Mr Lidington, who is in effect deputy prime minister, also defended Mrs May’s handling of Brexit negotiations ahead of this month’s crunch summit with EU leaders, after Mr Johnson’s claim that the US President would do a better job.

“The British public have got a British prime minister and if you look at Theresa May’s record, in December last year, March this year, everybody was saying in the media: 'it’s all going to end in disaster’, [but] she got good deals at both of those European summits and I’m very confident she’ll do it again," he said.


Elsewhere, the Cabinet heavyweight confirmed that the Government’s Brexit white paper would be released in the first half of July, with ministers meeting to thrash out what would be a “detailed and very wide ranging” document.

And he confirmed that the paper would finally set out the Cabinet’s preferred customs arrangement to prevent a hard border in Ireland, following months of infighting over the two solutions on the table.

But Mr Lidington risked the anger of Brexiteers as he stopped short of guaranteeing that the UK would have left the customs orbit of the European Union altogether in time for the next general election.
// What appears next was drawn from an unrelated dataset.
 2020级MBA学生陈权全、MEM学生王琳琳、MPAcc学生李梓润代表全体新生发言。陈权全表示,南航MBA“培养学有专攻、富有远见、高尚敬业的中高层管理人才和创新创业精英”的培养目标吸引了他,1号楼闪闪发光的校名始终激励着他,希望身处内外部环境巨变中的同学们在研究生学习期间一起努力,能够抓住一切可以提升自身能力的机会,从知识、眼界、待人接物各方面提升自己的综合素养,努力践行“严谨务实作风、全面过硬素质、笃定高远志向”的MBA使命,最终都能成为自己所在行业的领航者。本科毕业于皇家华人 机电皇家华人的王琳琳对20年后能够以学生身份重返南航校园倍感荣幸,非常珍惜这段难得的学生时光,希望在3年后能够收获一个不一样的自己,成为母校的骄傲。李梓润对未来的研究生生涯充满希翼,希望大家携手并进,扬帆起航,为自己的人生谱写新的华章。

The document published by Number 10 after the showdown with Mr Davis said only that the Government "expects" to be untangled from the EU’s customs system by the end of 2021.
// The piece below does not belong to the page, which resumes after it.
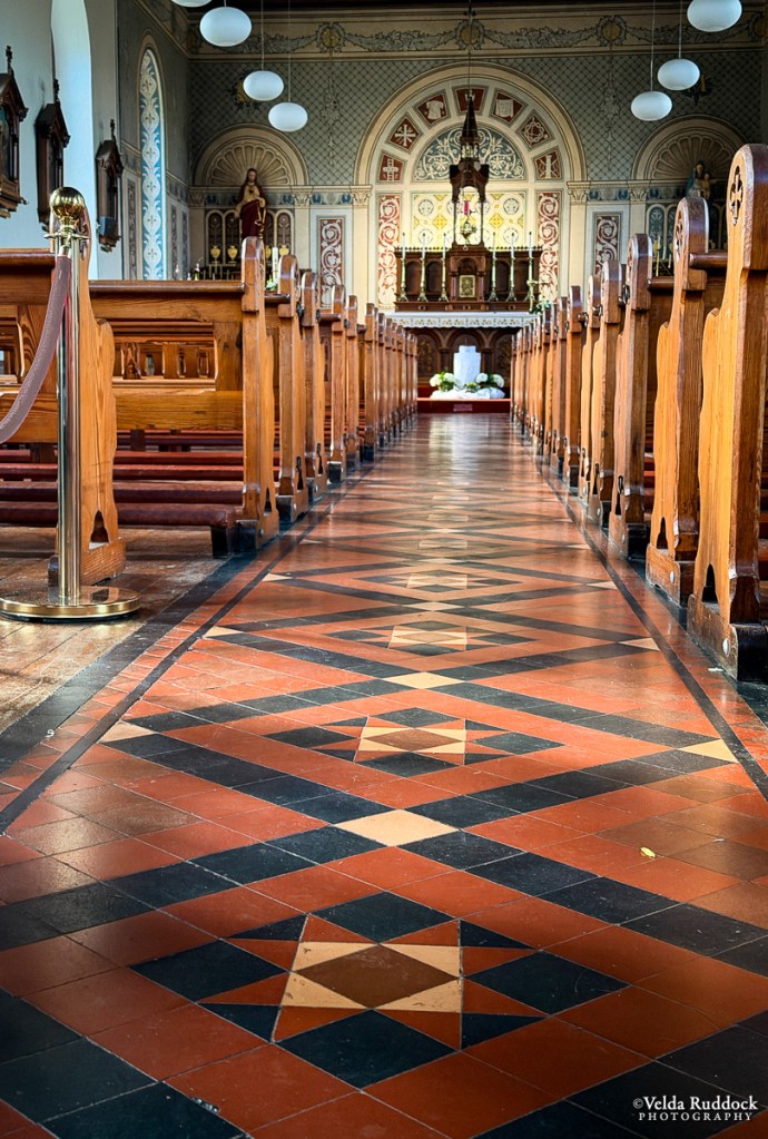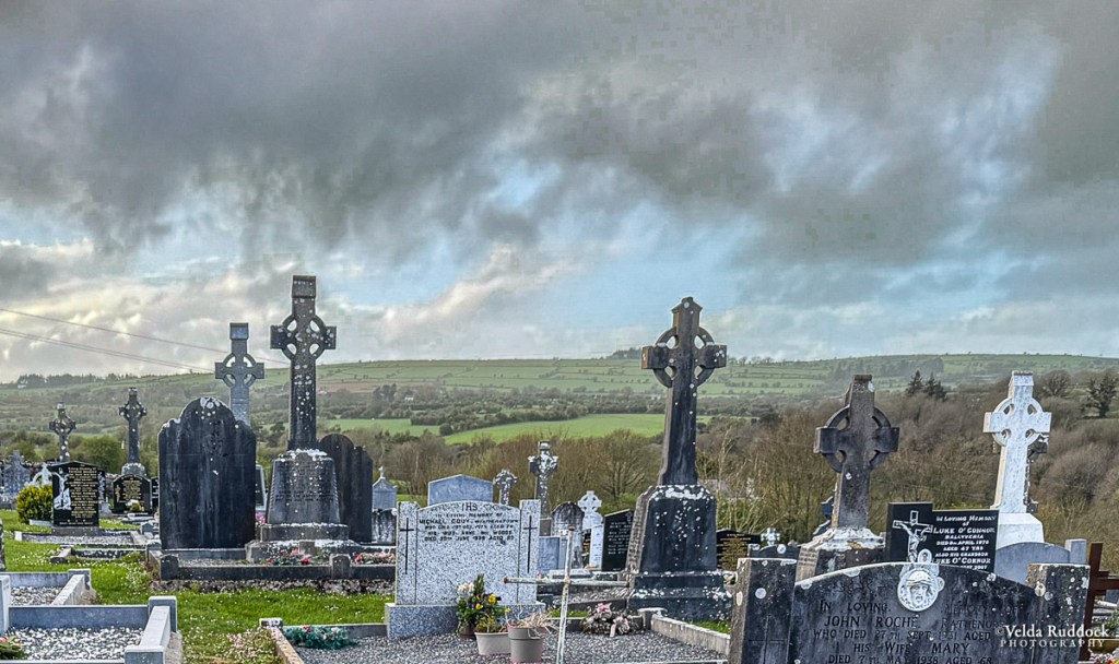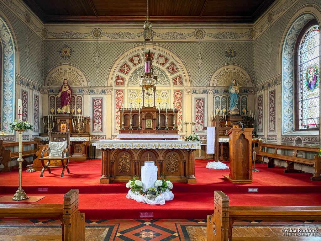 Nearby is the village of Glenmore, and the Catholic church contains the family history. It’s a beautiful building. The pews, the stained glass windows, and other places in the chapel bear the names of towns and families who have supported the parish over the decades. In the 1970s an effort to modernize the place nearly covered the mosaic behind the altar, but that was halted by the community. It is perched on a hill, and there is a magnificent view from the cemetery.

Mr Lidington said ministers were working to get Britain out of the EU “as soon as we possibly can” and added: "We will have left the EU at the end of March 2019… Certainly, the PM’s intention, my hope, everybody is working towards getting this sorted as soon as we possibly can.

“We are expecting to get the withdrawal agreement sorted this autumn and to have agreed a very ambitious new economic and security partnership with the EU that’s in their interests as much as ours to put in place as rapidly as possible."